Me he sentido fascinada con Zacharel, el ángel glacial, desde el primer momento en que apareció en las páginas de la serie de los Señores del Inframundo, en El secreto más oscuro. Lo digo muy en serio. ¿Un guerrero inmortal a quien le resulta más fácil acabar con un enemigo que sonreír a un amigo? Sí, tenía que conocer sus secretos.

También he tenido que poner su mundo del revés, y ¡cuánto me he divertido! Lo he puesto a cargo de los seres más grandes y más malos de la creación, un ejército de ángeles que están a punto de ser expulsados para siempre de los cielos. Ha conocido a la primera mujer que le ha hecho sentir fuego en las venas, y está en peligro de perder su mayor tesoro. Y, no, no me refiero a su virginidad.

¿Qué mejor modo de comenzar mi nueva serie sobre los Ángeles de la Oscuridad?

Tendrán que hacer sacrificios, y habrá batallas entre el bien y el mal. Zacharel solo tiene una oportunidad para arreglar esto; solo una, porque es la última. Si falla, le quitarán todo aquello que le importa: su posición, su poder… e incluso su amor.

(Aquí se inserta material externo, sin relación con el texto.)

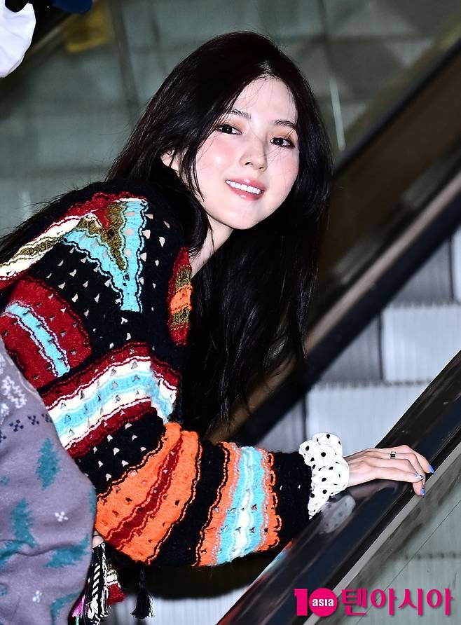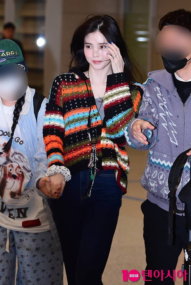 이날 한소희는 공항에 자리한 취재진을 의식했는지, 풀 메이크업에 화려한 가디건, 밝은 미소를 지어 보였다.

Espero que tú disfrutes tanto haciendo este viaje como he disfrutado yo escribiéndolo. Después de todo, mientras viajas, estarás en los brazos de un exquisito guerrero alado…

 

Con cariño:

 

Gena Showalter

 

 

 

 

 

A Jill Monroe, por sus llamadas y correos electrónicos de ánimo, ¡y por las carcajadas!

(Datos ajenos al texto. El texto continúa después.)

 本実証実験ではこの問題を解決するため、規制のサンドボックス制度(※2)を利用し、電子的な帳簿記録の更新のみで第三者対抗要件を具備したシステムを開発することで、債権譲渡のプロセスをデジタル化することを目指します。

Y quiero que conste para siempre que eres la primera.

 

A Sheila Fields y Betty Sanders, por la amistad, las ideas, ¡y las carcajadas!

 

A Joyce y Emmett Harrison, a Leigh Heldermon, a Sony Harrison, por el apoyo, el amor, ¡y las carcajadas! Sí, me encantan las carcajadas.

 

A Mickey Dowling y Anita Baldwin, ¡unas damas fantásticas a las que adoro!

 

A Kresley Dowling y Beth Kendrick; mil gracias, señoras. En realidad, eso no es suficiente. ¡Un millón de gracias, señoras!

 

¡Y a Kathleen Oudit y Tara Scarcello, por haber hecho un trabajo tan estupendo! ¡Magnífico!

Prólogo

 

 

 

 

 

La mañana de su décimooctavo cumpleaños, Annabelle Miller se despertó del sueño más asombroso que hubiera tenido en su vida sintiéndose como si le hubieran sacado los ojos, los hubieran sumergido en ácido y se los hubieran colocado de nuevo en las cuencas. Fue notándolo poco a poco, porque todavía tenía la mente embotada. Cuando por fin despertó completamente, todo su cuerpo se tensó y se arqueó, y un grito se le escapó de la garganta.

Abrió los ojos, pero… no había luz. Solo vio oscuridad.

El dolor se le extendió por las venas, con tanta fuerza que Annabelle pensó que iba a estallarle la piel. Se frotó la cara, incluso se clavó las uñas, pensando que podría arrancar lo que le estaba causando aquel problema, pero no había nada extraño. No tenía bultos ni arañazos. No… un momento. Sí había algo. Notó un líquido caliente en las palmas de las manos.

¿Era sangre?

Gritó de nuevo, una y otra vez, y cada uno de los gritos fue como un cristal que le rasgaba la garganta. En pocos segundos, el pánico se apoderó de ella. Estaba ciega y sangraba. ¿Se estaba muriendo?

Alguien abrió la puerta de su habitación.

–¡Annabelle! ¿Estás bien? –preguntó su madre. Después, hubo una pausa, y exclamó–: ¡Oh, nena, tus ojos! ¿Qué te pasa en los ojos? ¡Rick! ¡Rick! ¡Ven corriendo!

Se oyó una maldición y, después, unos pasos apresurados. Un segundo más tarde, se oyó un jadeo de horror.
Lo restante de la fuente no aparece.